**Exercise requirements:** Return all the data verbatim but without images.

**Raw data:**

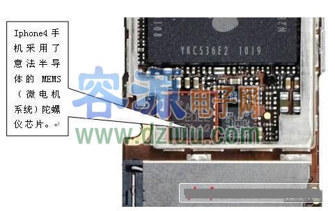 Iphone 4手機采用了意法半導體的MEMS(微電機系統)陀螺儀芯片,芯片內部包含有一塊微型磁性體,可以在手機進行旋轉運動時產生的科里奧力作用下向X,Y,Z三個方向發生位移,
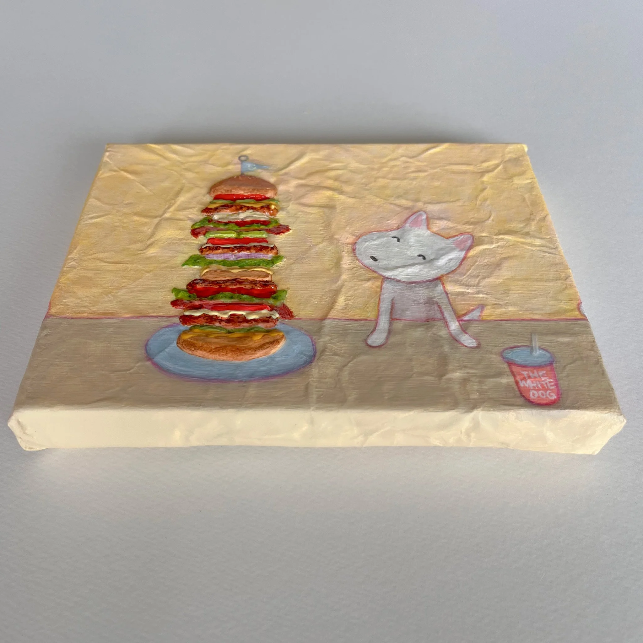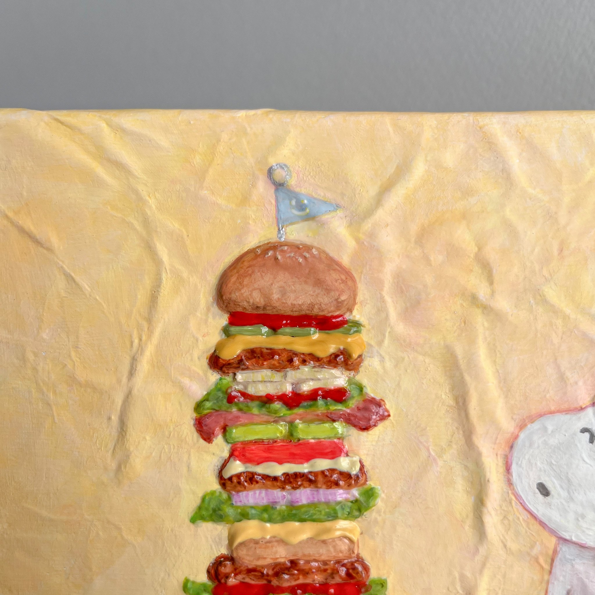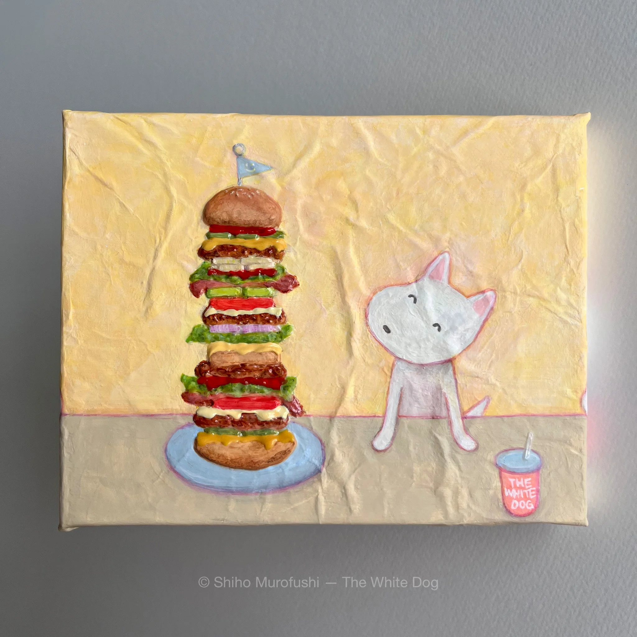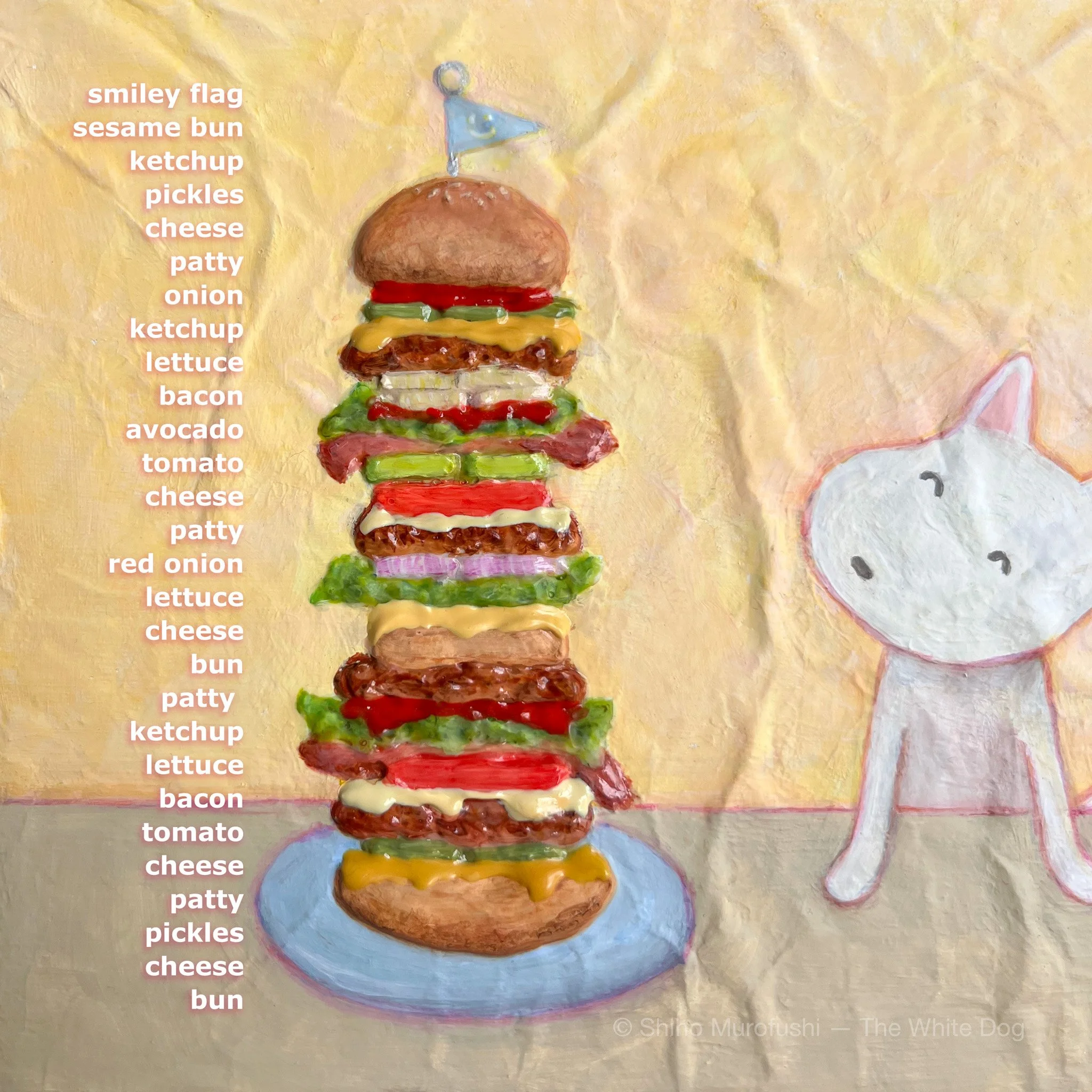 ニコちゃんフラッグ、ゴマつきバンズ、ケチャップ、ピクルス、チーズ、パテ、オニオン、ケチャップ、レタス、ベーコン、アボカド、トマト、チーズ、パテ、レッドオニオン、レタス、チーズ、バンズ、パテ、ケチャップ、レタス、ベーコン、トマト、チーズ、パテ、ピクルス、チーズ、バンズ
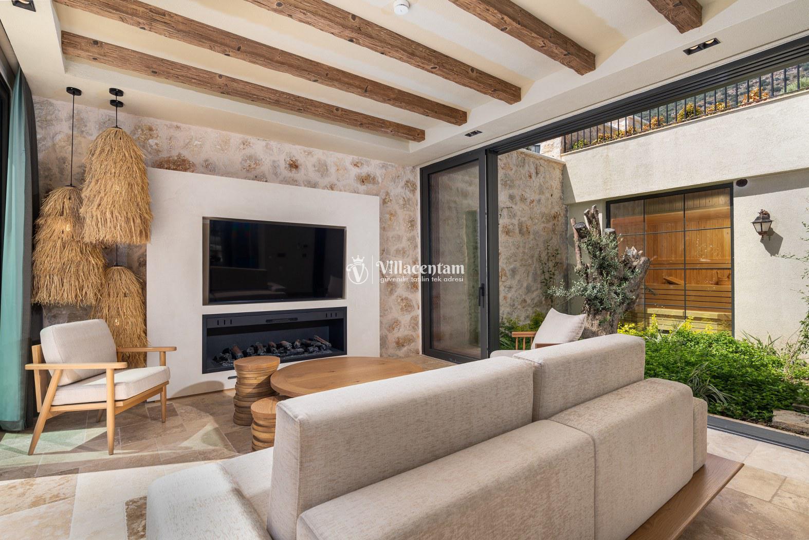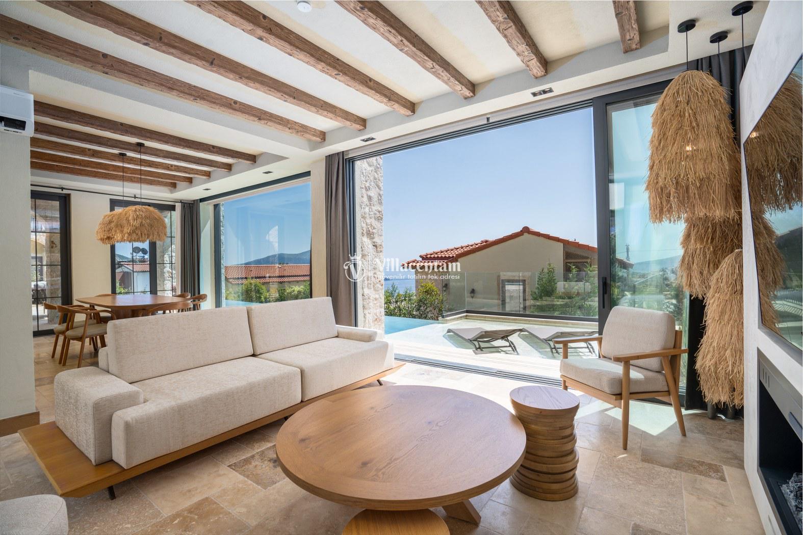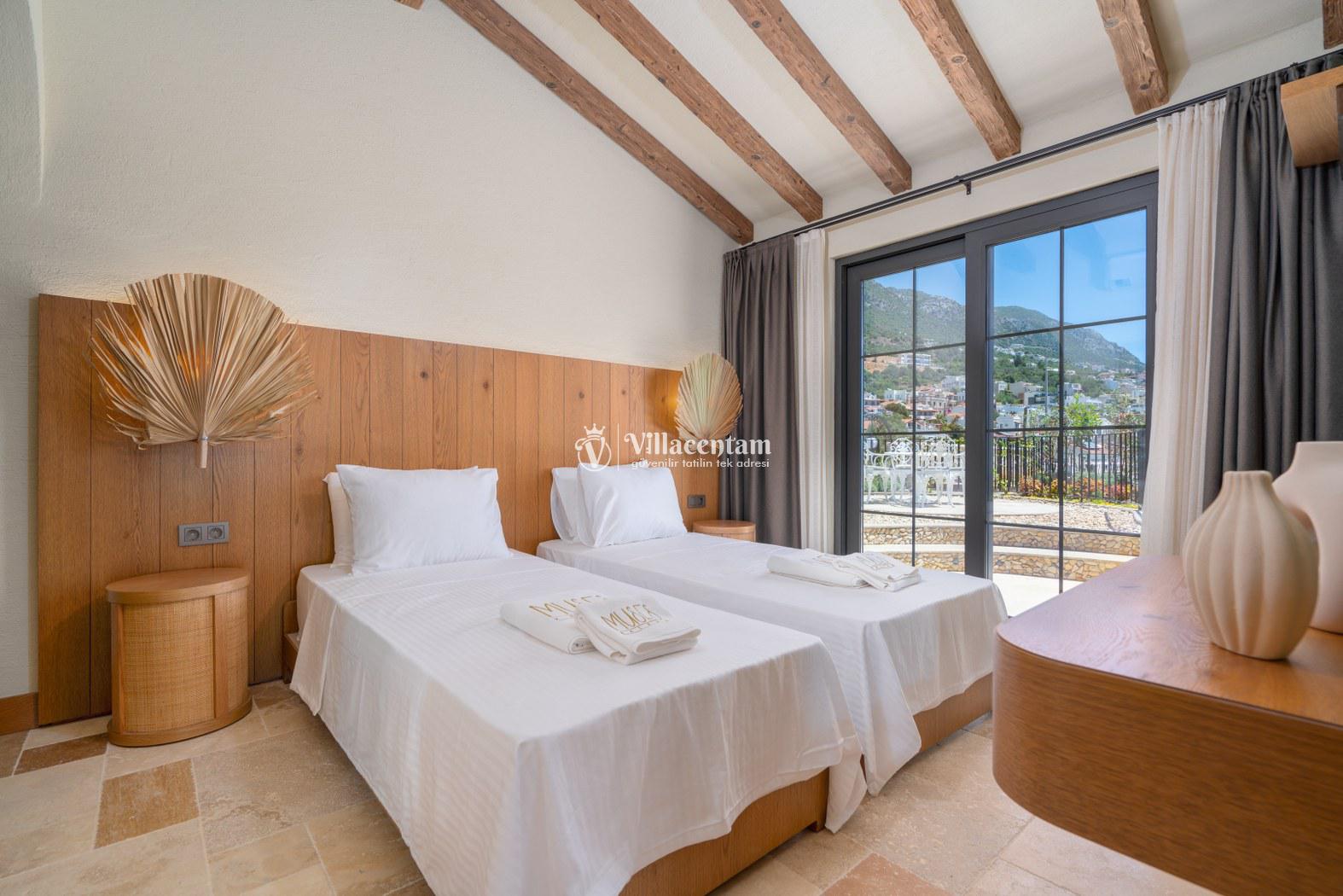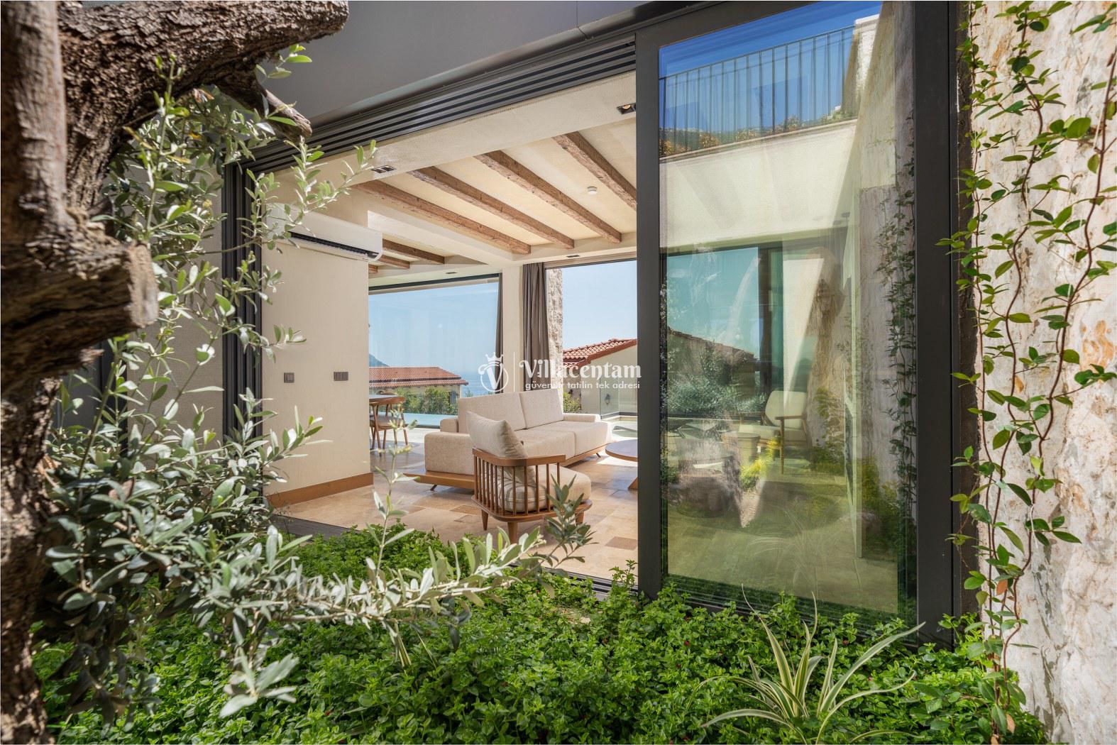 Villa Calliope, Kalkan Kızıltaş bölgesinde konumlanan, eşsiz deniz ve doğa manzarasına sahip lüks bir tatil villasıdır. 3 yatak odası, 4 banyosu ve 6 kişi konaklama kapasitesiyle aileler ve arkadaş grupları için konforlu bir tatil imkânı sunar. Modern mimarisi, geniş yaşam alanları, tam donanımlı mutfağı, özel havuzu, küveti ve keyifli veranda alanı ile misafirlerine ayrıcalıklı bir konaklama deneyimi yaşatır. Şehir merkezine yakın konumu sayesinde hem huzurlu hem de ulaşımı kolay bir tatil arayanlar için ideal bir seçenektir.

**Answer space:**
 Iphone 4手機采用了意法半導體的MEMS(微電機系統)陀螺儀芯片,芯片內部包含有一塊微型磁性體,可以在手機進行旋轉運動時產生的科里奧力作用下向X,Y,Z三個方向發生位移,
 ニコちゃんフラッグ、ゴマつきバンズ、ケチャップ、ピクルス、チーズ、パテ、オニオン、ケチャップ、レタス、ベーコン、アボカド、トマト、チーズ、パテ、レッドオニオン、レタス、チーズ、バンズ、パテ、ケチャップ、レタス、ベーコン、トマト、チーズ、パテ、ピクルス、チーズ、バンズ
 Villa Calliope, Kalkan Kızıltaş bölgesinde konumlanan, eşsiz deniz ve doğa manzarasına sahip lüks bir tatil villasıdır. 3 yatak odası, 4 banyosu ve 6 kişi konaklama kapasitesiyle aileler ve arkadaş grupları için konforlu bir tatil imkânı sunar. Modern mimarisi, geniş yaşam alanları, tam donanımlı mutfağı, özel havuzu, küveti ve keyifli veranda alanı ile misafirlerine ayrıcalıklı bir konaklama deneyimi yaşatır. Şehir merkezine yakın konumu sayesinde hem huzurlu hem de ulaşımı kolay bir tatil arayanlar için ideal bir seçenektir.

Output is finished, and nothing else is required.